Essa posição fria diante da vida equivale à ideia gnóstica de que a Criação foi um mal. Aliás, os adeptos dessa teoria não têm a ideia da Criação e sim a de que o homem é uma partícula que se desprendeu de uma divindade, mas não deveria ter-se desprendido. Isso foi um desastre nesse deus e, uma vez que eu nasci desse desastre, o que devo querer agora é manter-me em uma espécie de nirvana ou de nada, até o momento feliz em que eu possa me reincorporar na divindade.

Devemos lutar por uma outra ordem de coisas

Se considerarmos a alma católica, enquanto for consoante com a Santa Igreja, ela nunca será assim. Entretanto se não for fiel, ela poderá passar para a posição protestante à maneira dos britânicos ou dos prussianos, mas somente como uma manobra para diminuir em si as dores e não ter que enfrentá-las. Portanto, uma manobra parecida com a do budismo, mas sem a mentalidade dos budistas nem o inteiro desejo de deixar a vida e de se reduzir à imobilidade completa. Pelo contrário, poderá ter o desejo feroz de ganhar dinheiro e de construir, por exemplo, o Império Britânico, de se vestir bem, e manter essa posição diante de grandes infortúnios: não os sentir e conservar-se impassível. Lord Nelson, por exemplo, ao falecer, procuraria morrer assim. Já o Churchill não. Este era muito mais vivão, inteiramente diferente. A fleuma britânica tem muito disso que estamos comentando. A alma faz uma pequena operação parecida com a do budismo, por razões psicológicas análogas, mas com fundamentos e métodos doutrinários diferentes.
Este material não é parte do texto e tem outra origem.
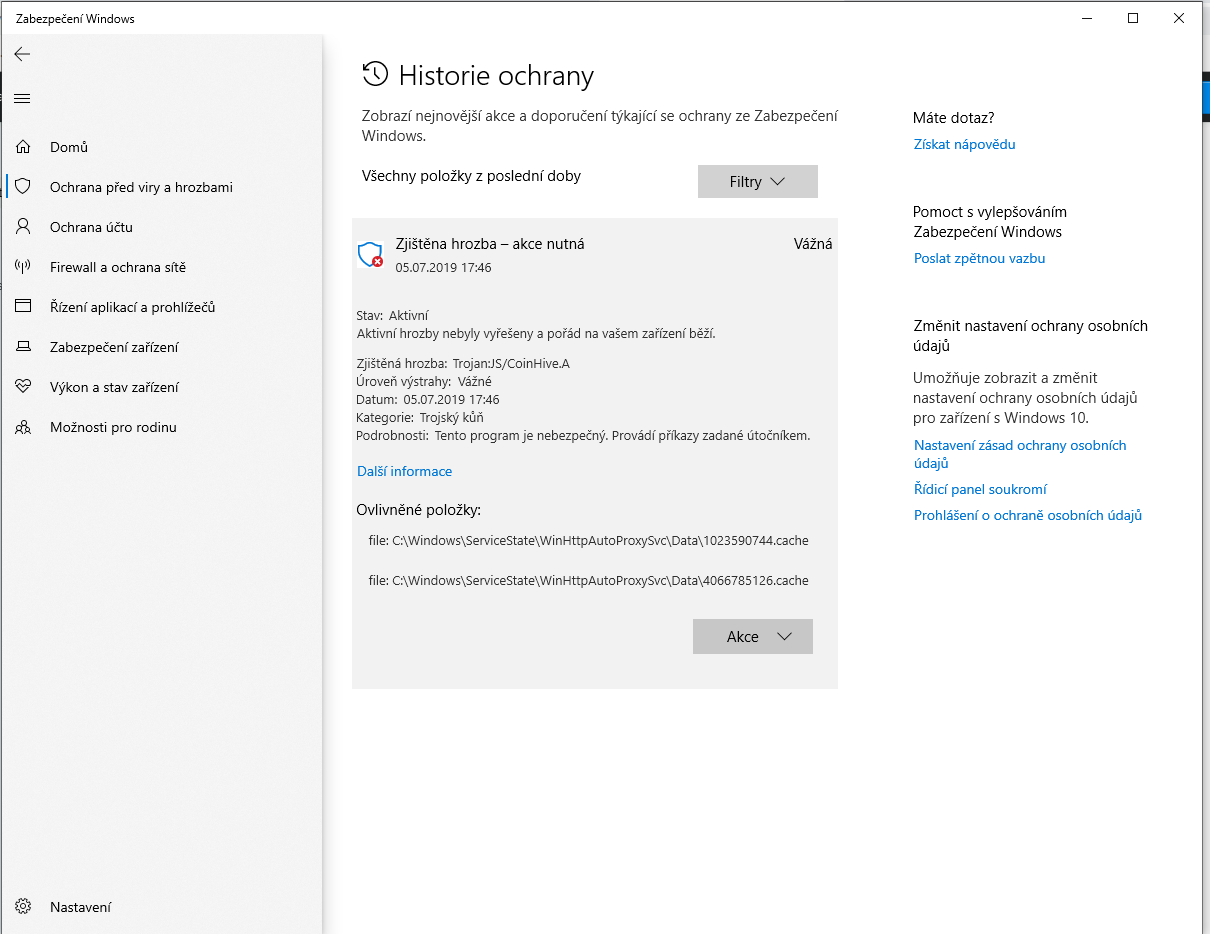 Zjištěná hrozba: Trojan:JS/CoinHive.A

Na degringolada da Revolução Industrial que estamos presenciando em nossos dias, isso vai se tornando patente. O despojamento gradual de tudo aquilo em que a pessoa pôs o prazer de sua vida tem que produzir necessariamente a impossibilidade completa de reagir e, consequentemente, uma resignação dentro da qual se fica cuidando de levar, tanto quanto possível, uma vidinha arranjada. A alegria desapareceu. Isso produz pessoas que, ao longo do caminhar da existência, ficam completamente surradas e perdem a reatividade diante da vida.

A meu ver, o único jeito de reverter esse processo seria suscitar o maior número possível de almas inocentes que não vão dentro dessa onda. Contudo, eu me pergunto: Se houvesse uma pequena cidade na qual todos fossem inocentes e levassem, na calma, uma vida orgânica, haveria turismo para ver aquilo? Creio que não, porque as pessoas preferem a situação atual. Não obstante, devemos lutar até o fim por uma outra ordem de coisas, pela certeza de que Nossa Senhora premiará essa luta com uma interferência angélica.